Alex Stead

Personal information
- Full name: Roger Alexander Stead
- Born: 18 September 1980 (age 45) Dewsbury, Yorkshire, England
- Batting: Right-handed
- Bowling: Right-arm medium

Domestic team information
- 2001: Durham UCCE
- 2007–2009: Cumberland
- 2010–2011: Staffordshire

Career statistics
| Competition | First-class |
| Matches | 2 |
| Runs scored | 28 |
| Batting average | 14.00 |
| 100s/50s | 0/0 |
| Top score | 28 |
| Balls bowled | 210 |
| Wickets | 0 |
| Bowling average | – |
| 5 wickets in innings | – |
| 10 wickets in match | – |
| Best bowling | – |
| Catches/stumpings | 1/– |
- Source: CricketArchive, 26 March 2011

= Alex Stead =

English cricketer

Roger Alexander Stead (born 18 April 1980) is an English cricketer. Stead is a right-handed batsman who bowls right-arm medium pace. He was born in Dewsbury, Yorkshire.
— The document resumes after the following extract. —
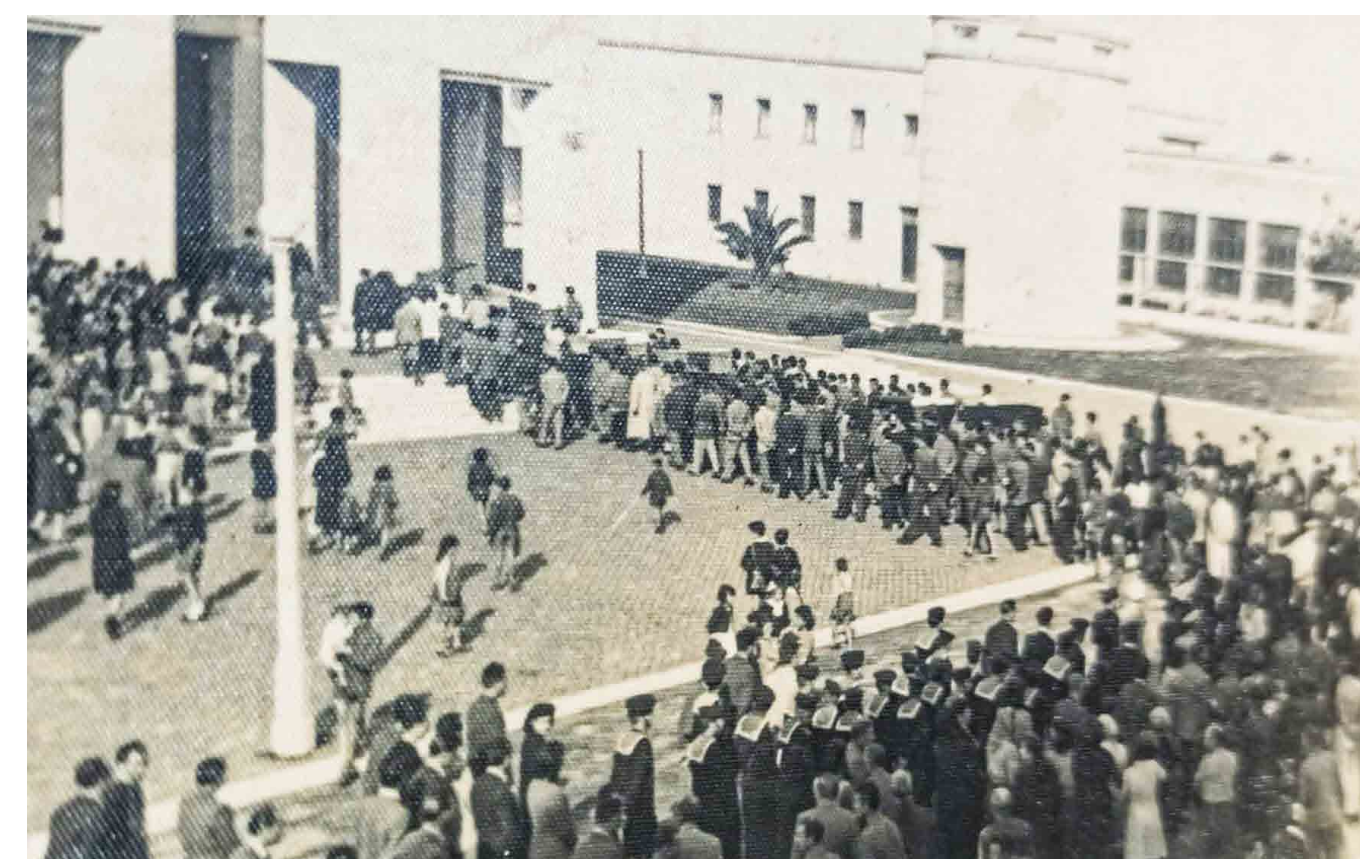
Le salme e la processione che le accompagna hanno raggiunto l'ingresso della SS Annunziata

Informazioni tratte dal sito internet https://www.onorbcm.it/ElencoCaduti-BCM.asp COMITATO PER LA MEMORIA DELLA B.C.M. (Bonifica Campi Minati)

Stead made his first-class debut for Durham UCCE against Durham in 2001. He played his second and final first-class match in the same season against Worcestershire. In his two first-class matches, he scored 28 runs at a batting average of 14.00, with a single high score of 28. With the ball he bowled 35 wicket-less overs.
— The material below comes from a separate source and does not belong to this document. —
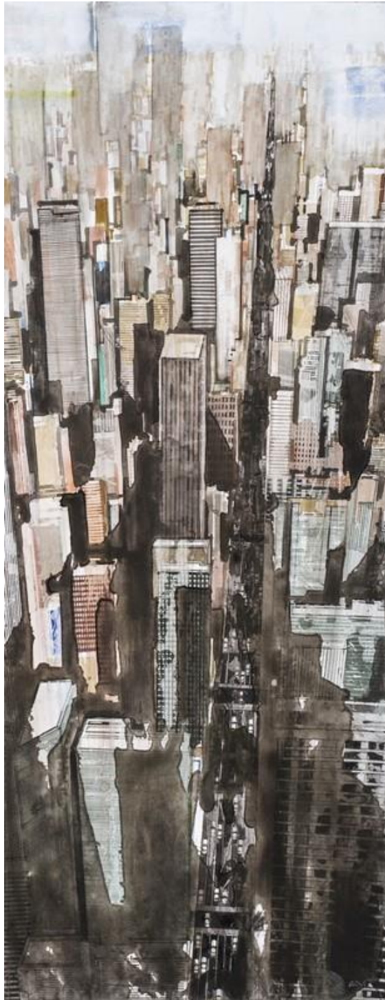
« Green corner » - 2021 - Aquarelle sur papier - 60,3 x 19,3 cm

Stead later joined Cumberland in 2007, making his Minor Counties Championship debut against Staffordshire. He played for Cumberland in seven Minor Counties Championship and 4 MCCA Knockout Trophy to 2009, before joining Staffordshire in 2010.

He has previously played Second XI cricket for the Yorkshire Second XI.